For instance, when it comes to access to grants and loans from the government, all the so-called small businesses are pitted against each other. In such a race, it’s the proprietor-held company or micro-business that could be hit the hardest, when actually it could be more in need of financial aid than its bigger counterparts.

The 500-employee mark and related dissent have a history to it. The definition actually predates the SBA and was originally used by the Reconstruction Finance Corporation and the earlier Small War Plants Corporation, which was a World War II Government contracting agency channeling Federal contracts to small manufacturers. The House Committee on Banking and Currency in 1957 observed that “the standard of 500 or less employees originated in World War II with several variations. For the want of a better definition, the 500 rule generally gained acceptance in the Government, although in many instances there was considerable reluctance by many Government officials and members of Congress to accept such a rigid formula.”

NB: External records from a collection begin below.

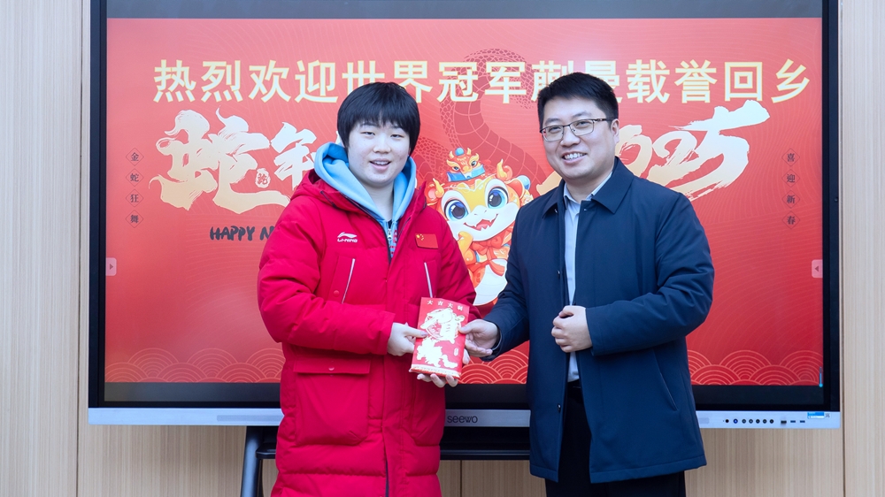 夏斯馨代表县委县政府对蒯曼回射过年表示热烈欢迎,对蒯曼取得的优异成绩表示热烈祝贺。蒯曼肩负着祖国和人民的殷切期望、满怀为国争光的强烈信念,顽强拼搏、勇攀高峰,成功获得乒乓球世界冠军,也是盐城首位乒乓球世界冠军,为祖国和家乡赢得了荣誉。体育强则中国强,国运兴则体育兴。蒯曼在世乒赛上追求卓越的意志品质和昂扬向上的精神风貌,展示了华夏健儿追梦逐梦的奋斗英姿,激发了中华儿女奋发图强的爱国热情。
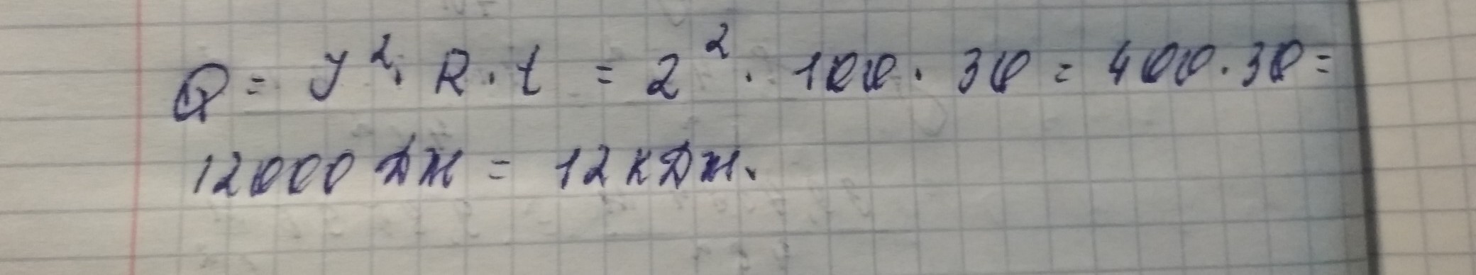 рассчитайте количество теплоты выделившееся за 30с на нагревательном приборе через который течет ток 2А если сопротивление данного прибора составляет 100 Ом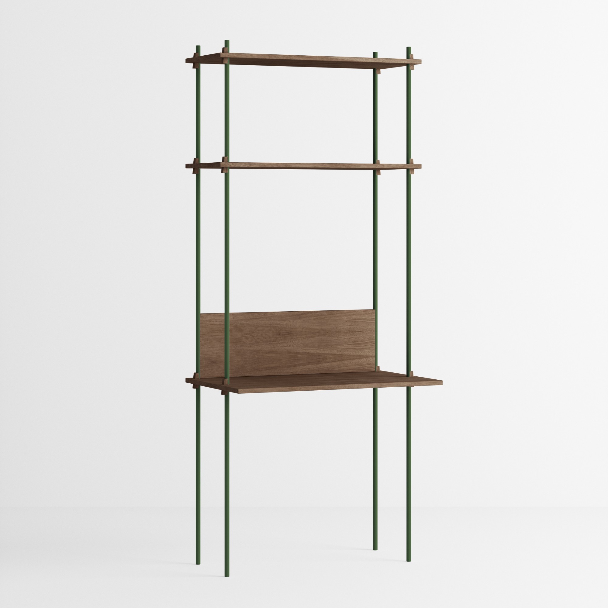 Regal mit Schreibtisch SHELVING SYSTEM WORKSPACE SINGLE von MOEBE in Eiche geräuchert mit grünem Gestell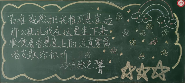 精彩纷呈的板书展现了同学们对传统文化的热爱和尊重,启发同学们对生活、自然和人生哲理的深层思考,展现了学院的活力与魅力,传递了学院的精神风貌,营造了积极向上的校园文化氛围。让我们携手努力,共同为打造更加丰富多彩的校园文化贡献力量!

But it must be mentioned to the SBA’s credit that it has kept on reviewing the definition of small business almost ever since its inception in 1953. Here’s a timeline excerpted from the SBA’s white paper on size standards methodology (linked above):

>> 1959: Size standards regulations distinguished between manufacturing and financial industries. The Agency set 250-employee, 500-employee, and 1,000-employee size standard for its financial assistance programs, but retained the 500-employee standard for Federal contracting programs.

>> 1963: SBA size standards were as follows: $1 million for retail trade industries; $1 million for services industries; $5 million for wholesale industries; and $7.5 million for construction industries. There continued to be two sets of size standards for manufacturing industries – 250 employees to 1,000 employees for SBA financial programs, but basically 500 employees for Federal contracting programs.

>> 1963 to 1975: Many manufacturing size standards were increased to 750 or 1,000 employees and some of the services industries, such as engineering and janitorial services, with size standards of $5 million and $3 million, respectively, were broken to separate industries.

>> 1975: SBA implemented a general increase to its monetary based size standards to account for the effects of inflation. The adjusted standards were $2 million for retail trade and services industries, $12 million for general construction, and $5 million for special trade construction. Employee based standards remained unchanged.

>> 1984: The size standards framework the Agency currently follows was put in place.

Currently, most prevalent size standards are $7.0 million in annual receipts for retail trade and services, $33.5 million for general construction, $14.0 million for special trade construction, 100 employees for wholesale trade for all Federal programs except for Federal procurement where it is 500 employees under the non-manufacturer rule, and 500 employees for manufacturing industries.

Yet, with all the changes along the years, the SBA has still not managed to hit the perfect chord and is currently reviewing its classifications all over again. It is inviting public comment on its proposed three “base” or “anchor” size standards: (1) 500 employees for manufacturing, mining and other industries with employee based size standards (except for wholesale trade); (2) $7.0 million in average annual receipts for most nonmanufacturing industries with receipts based size standards; and (3) 100 employees for all wholesale trade industries.

So, if you have something to say on this matter, this is your chance.